▸ Task brief
From the line containing "Nettoyage de fenêtres, baies" to the line containing "협력한다는 내용에 합의했다." in the entries below, reproduce every line exactly, ends included. Nothing else belongs in the copy, and no pictures.

▸ Provided data
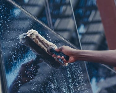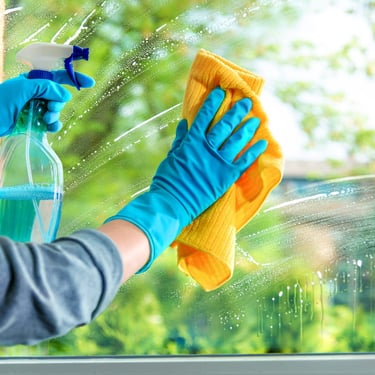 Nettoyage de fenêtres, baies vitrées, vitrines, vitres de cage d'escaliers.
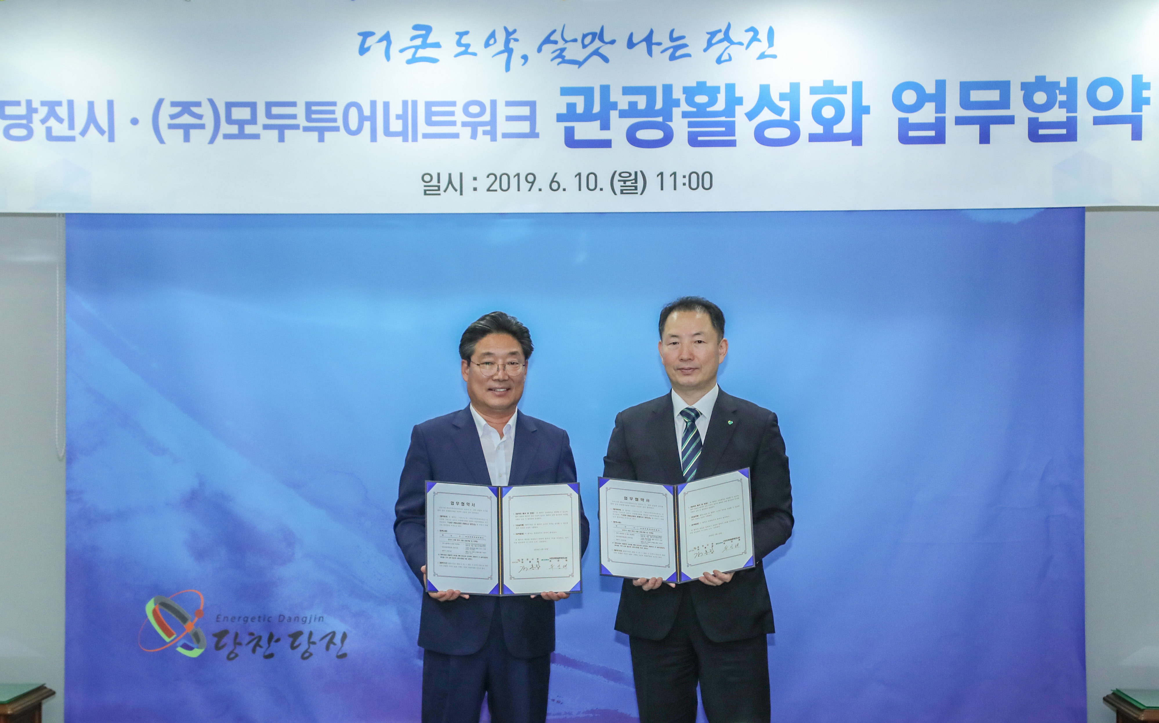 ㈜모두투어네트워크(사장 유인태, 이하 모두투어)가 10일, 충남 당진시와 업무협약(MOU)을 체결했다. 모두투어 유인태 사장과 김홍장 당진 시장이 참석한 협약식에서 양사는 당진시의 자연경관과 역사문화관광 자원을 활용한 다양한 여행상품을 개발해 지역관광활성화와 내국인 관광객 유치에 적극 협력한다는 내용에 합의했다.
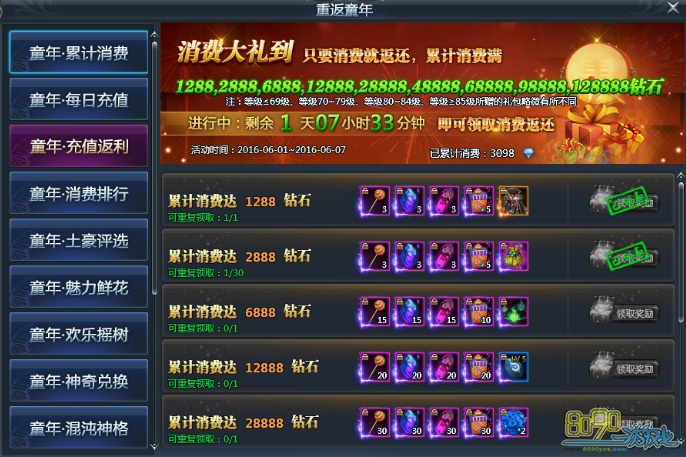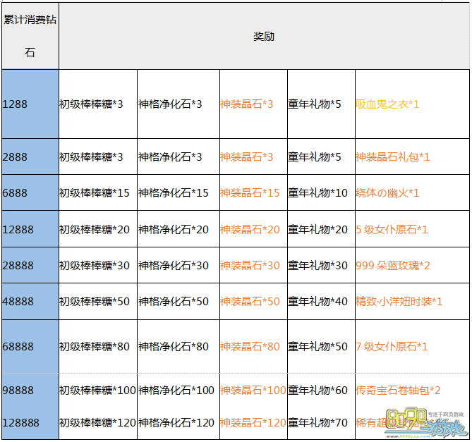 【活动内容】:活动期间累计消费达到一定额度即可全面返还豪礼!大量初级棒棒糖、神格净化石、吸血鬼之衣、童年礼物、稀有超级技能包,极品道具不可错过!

---

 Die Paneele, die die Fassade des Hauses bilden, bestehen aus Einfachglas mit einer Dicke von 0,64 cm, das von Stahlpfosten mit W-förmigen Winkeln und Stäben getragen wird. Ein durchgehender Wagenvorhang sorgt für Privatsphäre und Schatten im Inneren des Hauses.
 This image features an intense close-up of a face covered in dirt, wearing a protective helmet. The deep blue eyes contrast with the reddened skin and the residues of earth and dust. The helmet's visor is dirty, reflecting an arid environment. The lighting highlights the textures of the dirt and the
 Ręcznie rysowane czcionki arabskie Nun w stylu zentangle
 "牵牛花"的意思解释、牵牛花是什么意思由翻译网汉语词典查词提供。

▸ Output
 Nettoyage de fenêtres, baies vitrées, vitrines, vitres de cage d'escaliers.
 ㈜모두투어네트워크(사장 유인태, 이하 모두투어)가 10일, 충남 당진시와 업무협약(MOU)을 체결했다. 모두투어 유인태 사장과 김홍장 당진 시장이 참석한 협약식에서 양사는 당진시의 자연경관과 역사문화관광 자원을 활용한 다양한 여행상품을 개발해 지역관광활성화와 내국인 관광객 유치에 적극 협력한다는 내용에 합의했다.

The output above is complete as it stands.